All five vital signs benefit from a pre-computed index:

```json
{
  "claims": [
    {
      "title": "the healthcare attractor state is...",
      "path": "domains/health/the healthcare attractor state is....md",
      "domain": "health",
      "confidence": "likely",
      "created": "2026-02-15",
      "outgoing_links": ["claim title 1", "claim title 2"],
      "incoming_links": ["claim title 3"]
    }
  ],
  "generated": "2026-03-08T10:30:00Z"
}
```

**Build script:** Parse all `.md` files with `type: claim` frontmatter. Extract title (first `# ` heading), domain, confidence, created, and all `[[wiki links]]`. Resolve links bidirectionally.

### Dashboard aggregation

A single `vital-signs.json` output combining all 5 metrics:

```json
{
  "generated": "2026-03-08T10:30:00Z",
  "overall_status": "healthy",
  "vital_signs": {
    "cross_domain_linkage": { ... },
    "evidence_freshness": { ... },
    "confidence_calibration": { ... },
    "orphan_ratio": { ... },
    "review_throughput": { ... }
  }
}
```

### Trigger options

1. **Post-merge hook:** Run on every PR merge to main.

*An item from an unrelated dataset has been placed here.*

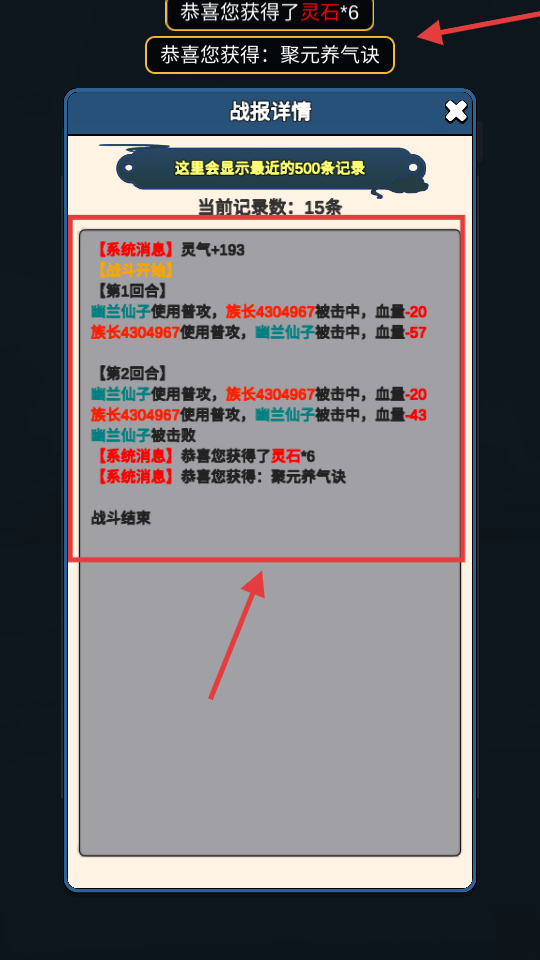 3、战斗后查看【战报详情】,了解过程、获灵石-聚元养气诀,总结经验提升收益。

Most responsive.
2. **Daily cron:** Run once per day. Less noise, sufficient for trend detection.
3. **On-demand:** Agent runs manually when doing health checks.

Recommendation: daily cron for the dashboard, with post-merge checks only for review throughput (cheapest to compute, most time-sensitive).

---

## Implementation Priority

| Vital Sign | Difficulty | Dependencies | Priority |
|-----------|-----------|-------------|----------|
| Review throughput | Easy | `gh` CLI only | 1 — implement first |
| Orphan ratio | Medium | claim-index | 2 — reveals integration gaps |
| Linkage density | Medium | claim-index + link resolution | 3 — reveals siloing |
| Evidence freshness | Medium | date parsing | 4 — reveals calcification |
| Confidence calibration | Hard | NLP/heuristics | 5 — partial automation, rest manual |

Build claim-index first (shared dependency for 2, 3, 4), then review throughput (independent), then orphan ratio → linkage density → freshness → calibration.